Task item: Everything below from the line with "Wawancara bersama mbah suba'i" through the line with "contagios de COVID-19." should be copied exactly, and nothing else; leave out the pictures.

Input data:
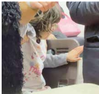
圖十二 10歲小女孩，腦性麻痺及重度綜合發展遲緩。

法治療，需由有經驗的團隊，包括耳鼻喉科、整形外科及神經外科，共同手術完成腫瘤切除（圖十三）。然而，除了經濟因素，拿伊拉克的護照要出國，進行國際醫療轉介也十分困難。
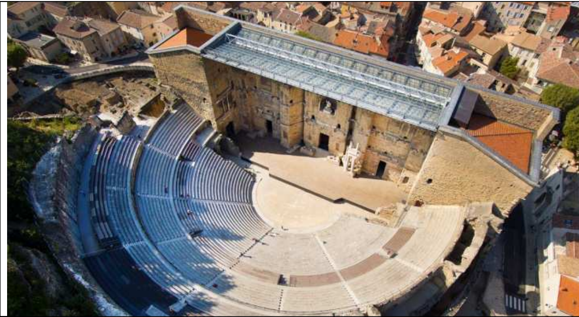
Visite audio-guidée du théâtre antique d'Orange
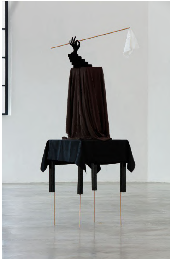
Kateřina Vincourová, Enchantress of Peace , 2016
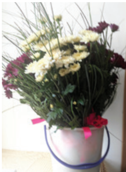
Setkání ouběnických žen
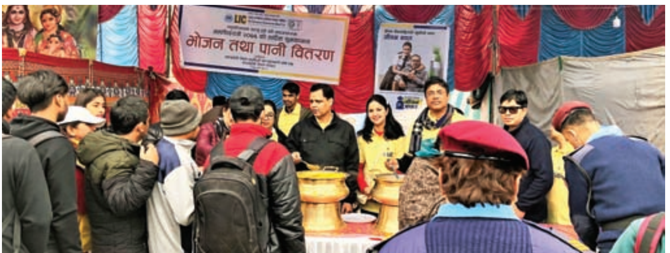
Food and Water Distribution at Pashupatinath during Mahashivratri
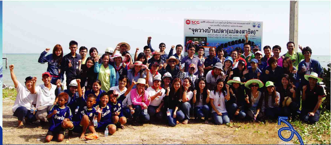
ปล่อยบ้านปลา ครั้งล่าสุด ครั้งที่ 3 ทั่วประเทศ

นอกจากนี้ ยังได้ติดตามสำรวจผลของบ้านปลา 10 หลังแรก ร่วมกับ ศูนย์อนุรักษ์ทรัพยากรทางทะเลและชายฝั่งที่ 1 โดยส่งทีมนักประดาน้ำลงไปสำรวจพบว่า มีปลาที่เป็นปลาเศรษฐกิจมาอาศัยอยู่จำนวนมากขึ้น เช่น ปลาระพง, ปลาระเบณ, ลูกปลาทุ และปูหิน ที่มีพบตามซอกหิน ซอกปะการัง แสดงให้เห็นความรู้สึกลบดกภัยเหมือนบ้าน ซึ่งชีวิตได้เบื้องต้นว่า บ้านปลาเหล่านี้ ช่วยเพิ่มทรัพยากรทางทะเลใกล้ฝั่ง เป็นแหล่งอนุบาลสัตว์น้ำ สร้างประโยชน์แก่กลุ่มประมงฯ ได้
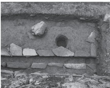
縦断排水溝(東の丸櫓門)

このように排水溝は現在では埋まってしまっていて、目にすることはできませんが、城が造られた頃にはさまざまなどころにあったことが想像できます。排水溝は雨水を処理し、石垣を適切な状態で維持するために欠かせない機
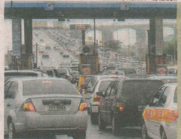
ADRIANO HORTA - 12/12/2011

ENTRE as propostas apresentadas pelos candidatos de Vila Velha estão ações para melhorar o fluxo do trânsito na Terceira Ponte.
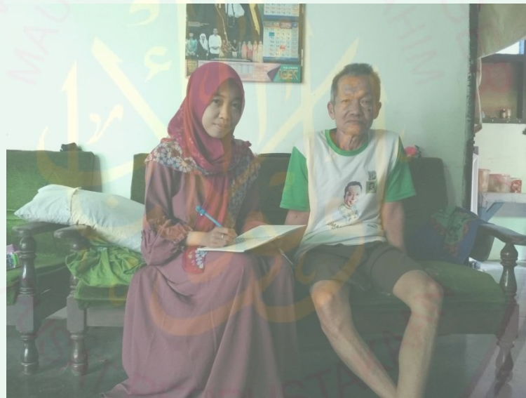
Wawancara bersama mbah suba'i
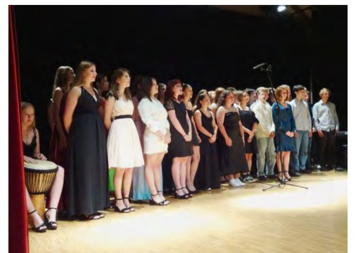
C'est plein d'émotion que les sortants ont entamé leur dernier chant. UK

Pour chaque classe, un power-point présentant chaque sortant de manière très originale a été projeté, soulevant parfois l'émotion des parents. Au sein de cette volée
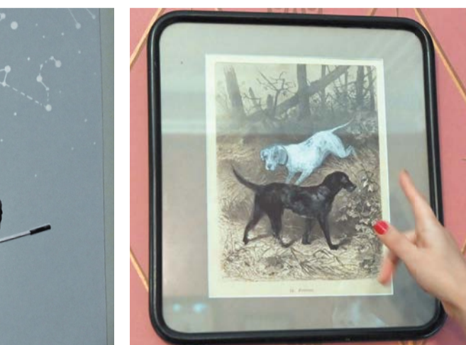
Новая гравюра в Музее Некрасова посвящена охотничьей собаке, которую жена поэта случайно застрелила

— Концепция инсталляции, игра света и тени, вообще присуща Набокову. Если вы откроете любой его рассказ — «Катастрофа», «Пильграм», «Совершенство», — везде присутствуют свет, тень. У него даже есть такой оксюморон, как «слепящая тьма». Он очень любил описывать, как тёмное про-
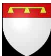
Skoed Kintin Écu de Quintin
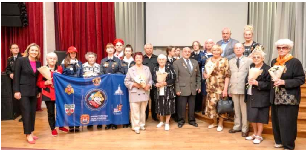
Ветераны и молодёжь
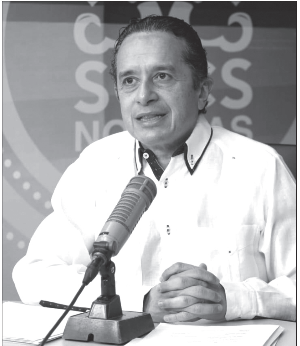
▲ El gobernador Carlos Joaquín ordenó la suspensión temporal del programa, con el objetivo de controlar los contagios de COVID-19.

La Sedeso alertó a los beneficiarios para que no caigan en fraudes, pues una publicación falsa que no corresponde al programa dio un número de cuenta para hacer depósitos.

Written answer:
Wawancara bersama mbah suba'i
C'est plein d'émotion que les sortants ont entamé leur dernier chant. UK

Pour chaque classe, un power-point présentant chaque sortant de manière très originale a été projeté, soulevant parfois l'émotion des parents. Au sein de cette volée
Новая гравюра в Музее Некрасова посвящена охотничьей собаке, которую жена поэта случайно застрелила

— Концепция инсталляции, игра света и тени, вообще присуща Набокову. Если вы откроете любой его рассказ — «Катастрофа», «Пильграм», «Совершенство», — везде присутствуют свет, тень. У него даже есть такой оксюморон, как «слепящая тьма». Он очень любил описывать, как тёмное про-
Skoed Kintin Écu de Quintin
Ветераны и молодёжь
▲ El gobernador Carlos Joaquín ordenó la suspensión temporal del programa, con el objetivo de controlar los contagios de COVID-19.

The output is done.